## Information given:
+ + + + + + +

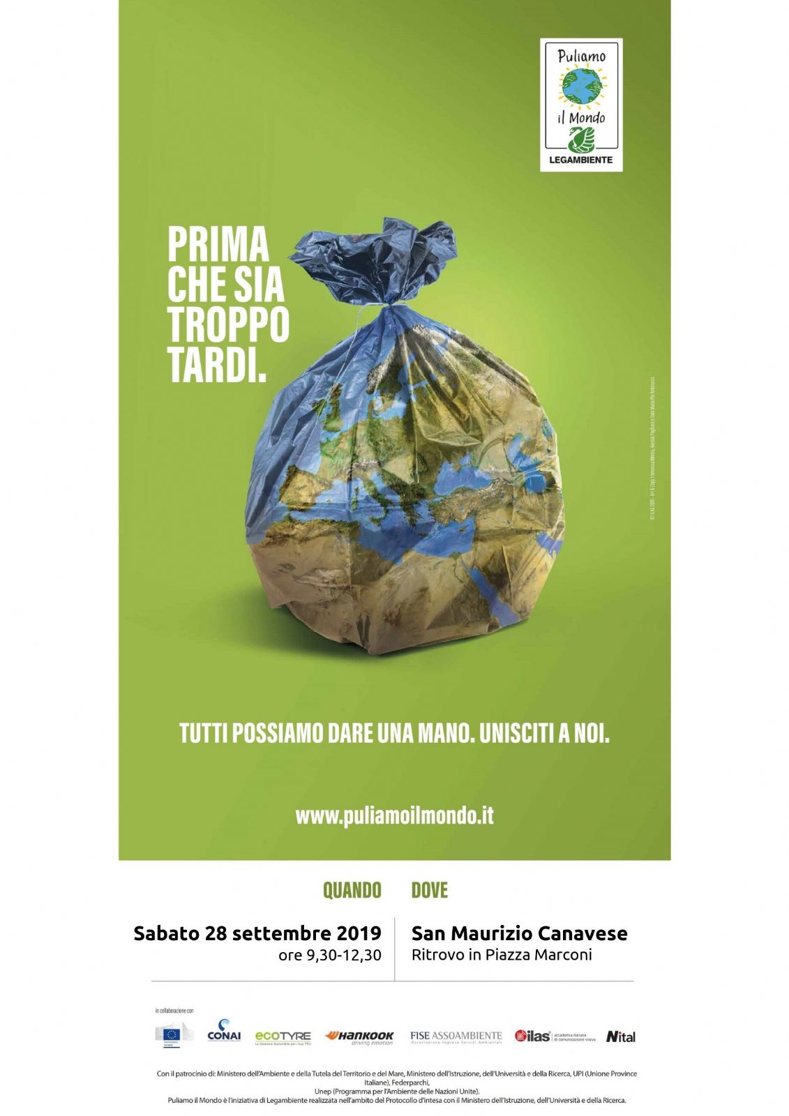 Anche il Comune di San Maurizio Canavese partecipa a “Puliamo il mondo” di Legambiente, edizione italiana di Clean up the World, il più grande appuntamento di volontariato ambientale del mondo. L'obiettivo, com'è noto, è ripulire parchi, giardini, fiumi, strade e piazze delle nostre città, coinvolgendo volontari di ogni età, adulti e bambini, che si ritrovano insieme per un gesto pratico e di grande utilità, ma ancor più simbolico e dal forte valore di sensibilizzazione nei confronti dell'intera comunità.
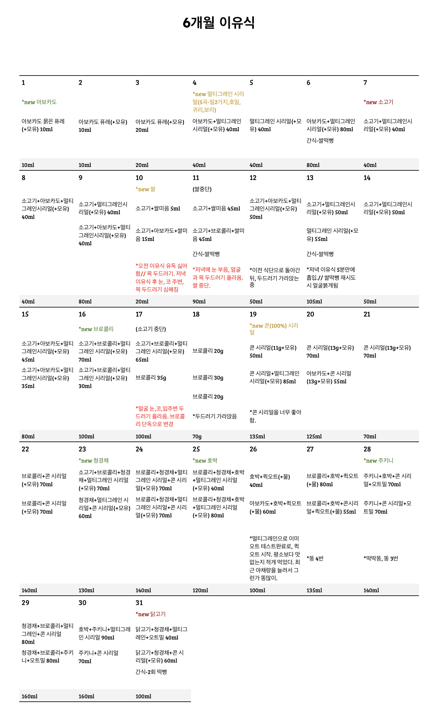 [육아] 알레르기 의심 후 이유식 4일간 기록 / 멀티그레인, 모유, 소고기, 아보카도 / 양도 늘리고
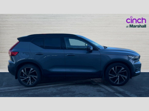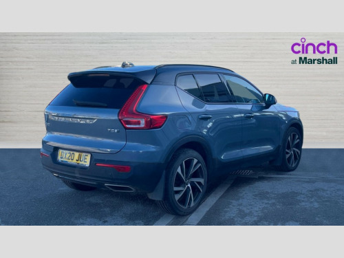 Volvo XC40 1.5 T5 [262] Hybrid R DESIGN Pro 5dr Geartronic 12.3" Active TFT crystal driver's instrument display, 9" centre console portrait touch screen, Adjustable steering wheel force, Bluetooth hands free telephone kit, Drive mode selector, E-call, Lane keep assist with driver alert control, Oncoming Lane Mitigation, Sensus navigation with European mapping and traffic information, Speed limiter, Speed sensitive steering, Voice control system, Volvo on call, Electric front axle drive, Recharging port located in nearside front wing, Sports chassis, DAB Digital radio, Steering wheel mounted remote controls, Active bending headlights, Adaptive brake lights with high level LED brake lights, Auto dimming interior mirror, Automatic headlamp levelling, Black stone door mirrors, Black stone roof, Colour coordinated auto folding and heated power door mirrors, Dark tinted glass for rear windows + rear screen + side luggage area window, Dual integrated exhaust pipes with high gloss black surround, Electrically adjustable and heated door mirrors, Embossed rear side roof pillar, Front and rear electric windows, Front tread plates, Headlamp cleaning system, Heated front windscreen, Heated washer nozzles, High gloss black front and rear skid plate, High gloss black lower front bumper, High gloss black mesh front grille with high gloss black surround, High gloss black roof rails, High gloss black window trim, Home safe and approach lighting, LED front fog lights with static cornering light function, LED Headlights + Active high beam incorporating daytime running lights, Rain sensor windscreen wipers, Rear wiper, Roof antenna, Roof spoiler, Visible VIN plate, 12V socket in front tunnel console and luggage compartment, 2 zone electronic climate control with Clean zone air quality system + pollen filter + cooled glovebox, 3 spoke leather steering wheel with chrome trim, 60/40 split folding rear seat, A-pillar parking ticket holder, Ambient front door and instrumental panel lighting, Black headlining, Bright metal luggage threshold, Centre console cupholders and storage, Driver seat height/tilt/lumbar adjust, Driver's side lower dashboard credit card storage compartment, Extended front seat cushions, Front door pocket and front cupholder illumination, Front footwell illumination, Glovebox bag hook, Heated front seats, Height/reach adjustable steering column, High gloss centre tunnel deco, Illuminated luggage compartment, Illuminated tailgate, Illuminated vanity mirrors + ticket holder, Isofix attachments on outer rear seats, Leather coloured key integrated remote, Leather/nubuck upholstery, Load protection net, Lockable/illuminated glovebox, Multicolour theatre lights, Passenger seat adjustable for lumbar support, Perforated leather gearknob, Perforated leather steering wheel with gearshift paddles, Power driver seat with memory + exterior mirrors memory, Rear armrest / integral cup holders / storage tray, Rear reading and courtesy lights, Sports pedals, Underfloor stowage compartment, 3x3 point rear seatbelts, City safety, Drivers knee airbag, DSTC-Dynamic Stability and Traction Control, Dual stage driver/passenger airbags, Electronic parking brake with auto hold, Fasten seatbelt reminder, First aid kit, Hill descent control, Hill start assist, Inflatable curtain, Passenger airbag cut-off device, Road sign information display, Run off Road Mitigation, Run off Road Protection, Seatbelt reminder and pretensioners, Slippery road and hazard light alert, Tyre pressure monitoring system, Vehicle deceleration control with Anti-lock Brake System, Electronic Brake Distribution and Emergency Brake Assist, Warning triangle, WHIPS whiplash protection system - front, Anti-theft alarm including immobiliser/volume sensor + level sensor, Key integrated remote control central locking, Locking wheel nuts, Private locking for tailgate, Cutting edge aluminium inlay, 20'' 5 double spoke diamond cut matt black alloy wheels
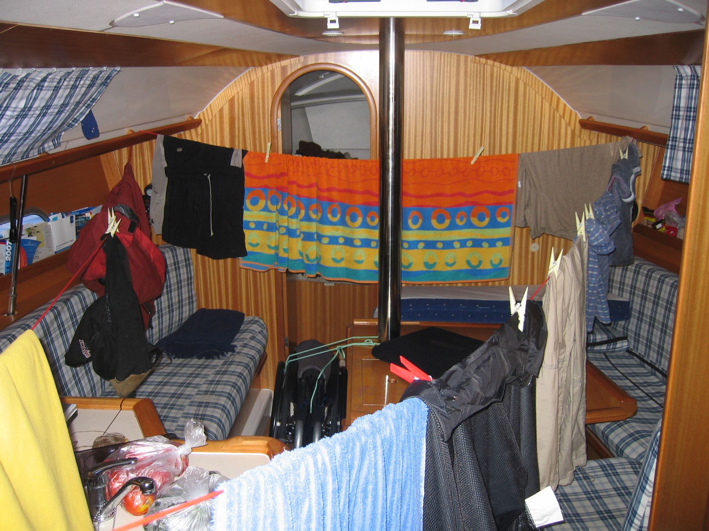 Unsere Kleider und Tücher hatten wir gestern alle noch aufgehängt. Drinnen natürlich. Waren sie trocken? Nein, ganz und gar nicht!
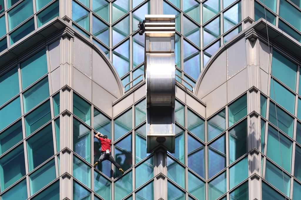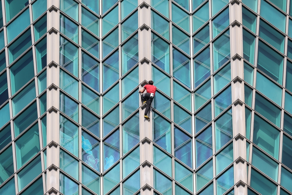 霍諾德在玻璃帷幕中移動。(圖/黃世麒攝)
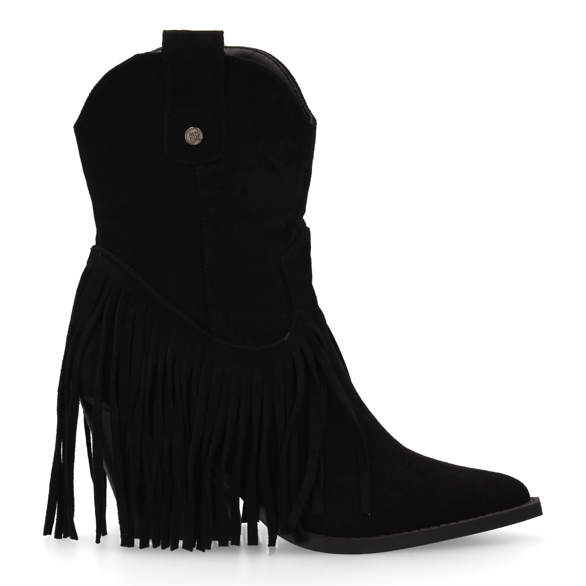 Botín de mujer con tacón estilo campero. Tacon cubano con flecos acabado en punta. Cierre de cremallera. Ideales otoño invierno.
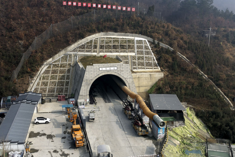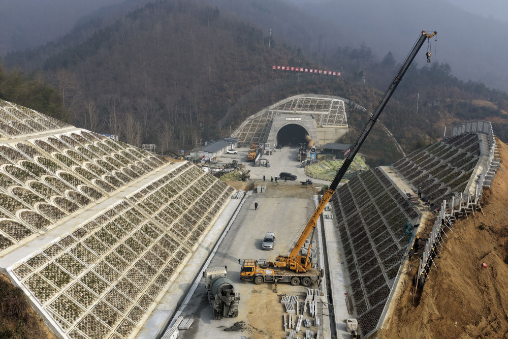 12月18日拍摄的合武高铁长岭隧道出口(无人机照片)。
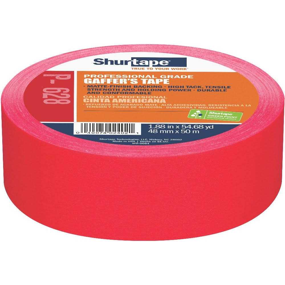 Shurtape P-628 Professional Grade, Coated Gaffer’s Tape, 48mm x 50m, Red, 1 Roll
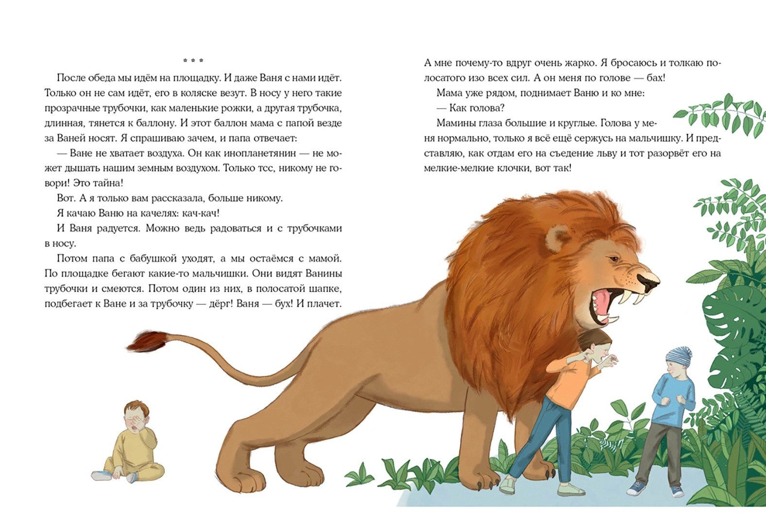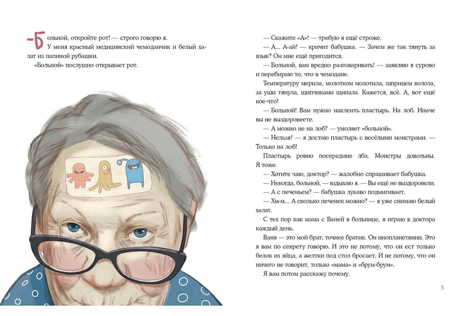 Однажды в жизни Евы и её младшего братика Вани наступают невесёлые перемены: Ваня вместе с мамой оказывается в больнице. Теперь девочку из детского сада забирает бабушка, а папа проводит в больнице всё время после работы, так что Ева его почти не видит. Так проходит много-много дней. Ева часто навещает брата и очень ждёт его дома. Когда же Ваня наконец возвращается, он всё ещё нуждается в помощи. Но Ева точно знает, что ей с братом никогда не будет скучно, ведь он - инопланетянин! Трогательная история о том, что доброты и заботы не бывает слишком много.

+ + + + + + +

## Task brief:
Leave out every picture, and copy exactly the lines from the line that contains "12月18日拍摄的合武高铁长岭隧道出口(无人机照片)。" through the end of the material.

## Finished exercise:
 12月18日拍摄的合武高铁长岭隧道出口(无人机照片)。
 Shurtape P-628 Professional Grade, Coated Gaffer’s Tape, 48mm x 50m, Red, 1 Roll
 Однажды в жизни Евы и её младшего братика Вани наступают невесёлые перемены: Ваня вместе с мамой оказывается в больнице. Теперь девочку из детского сада забирает бабушка, а папа проводит в больнице всё время после работы, так что Ева его почти не видит. Так проходит много-много дней. Ева часто навещает брата и очень ждёт его дома. Когда же Ваня наконец возвращается, он всё ещё нуждается в помощи. Но Ева точно знает, что ей с братом никогда не будет скучно, ведь он - инопланетянин! Трогательная история о том, что доброты и заботы не бывает слишком много.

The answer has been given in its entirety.